4. REVELANDO O QUE DIZ O OLHAR, O ESCUTAR, O SENTIR E O VIVER

5.3 Educação e escola: o envolver-se político

Durante minha vivência na comunidade Tapeba, dentro de uma escola diferenciada, foi-me possível perceber a dimensão política da educação pensada e trabalhada por eles, dentro de uma formação ética. Como também participei de etapas do MISI-PITAKAJÁ, notei que a educação é tratada como um ato político não só pelos Tapeba, mas por todas essas tribos indígenas cearenses participantes do curso.

Os professores direcionam suas práticas educativas para o ensinamento dos direitos e deveres dos seus alunos, enquanto seres que precisam lutar pelo reconhecimento do seu povo, em um movimento incessante de reafirmação de sua identidade indígena. Além disso, esses alunos saem da escola sabendo a sua história, contada por seus parentes, professores, por meio de atividades que são realizadas dentro e fora da sala da aula.

A Educação indígena é um ato de responsabilidade e compromisso para com a formação dos indivíduos. A escola diferenciada vem (in)formando e estimulando seus alunos a fim de torná-los seres críticos diante da realidade. “Na verdade, os atos de educação da escola indígena diferenciada medram em um contexto de comunicação que produz significações norteadoras da sobrevivência e luta da resistência das etnias” (POVO TAPEBA, 2007, p. 5).

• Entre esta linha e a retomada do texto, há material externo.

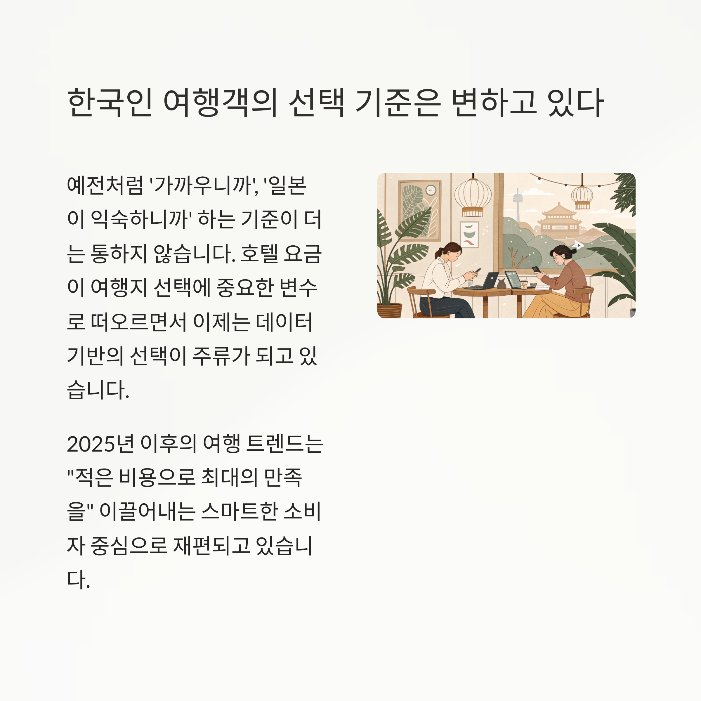 2025년 호텔 가격 지수가 발표되면서, 여행자들의 시선이 일본에서 베트남으로 이동하고 있습니다. 한국인에게 인기 많던 후쿠오카와 도쿄의 호텔 가격이 각각 15%, 14%씩 올랐고, 환율 부담까지 더해지며 '가성비 여행지'의 자리를 내주게 되었죠. 반면 하노이, 방콕, 상하이 등은 40만 원 이하로 5성급 숙박이 가능해, 저렴하면서도 고급스러운 여행을 원하는 이들에게 주목받고 있습니다. 본문에서는 ‘럭셔리 저렴이’ 트렌드에 맞는 국내외 여행지를 알아보고, 여행 예산을 똑똑하게 짤 수 있는 인사이트를 제공합니다.

O povo Tapeba fala que “a escola indígena é o lugar da luta” (2007, p.64). Dessa forma, percebo que a escola diferenciada é fundamental para o fortalecimento da alteridade indígena, a partir do momento em que assume o papel de porta-bandeira da causa, do povo, da luta. Através e dentro dela, são pensadas, organizadas e realizadas retomadas, passeatas, eventos e discussões:

[...] depois que as escolas indígenas realmente em 2001 ela começou a se fortalecer mesmo, sabe, que a gente ia muito pra manifestação, a gente se trajava, se pintava, né. E aí, muita gente, a partir da escola indígena, começou a não ter mais vergonha de dizer que era Tapeba, né. Agora as pessoas se autoidentificam como Tapeba. Antes sabia que era Tapeba, mas não diziam porque tinham vergonha. Hoje, hoje não (Kelly).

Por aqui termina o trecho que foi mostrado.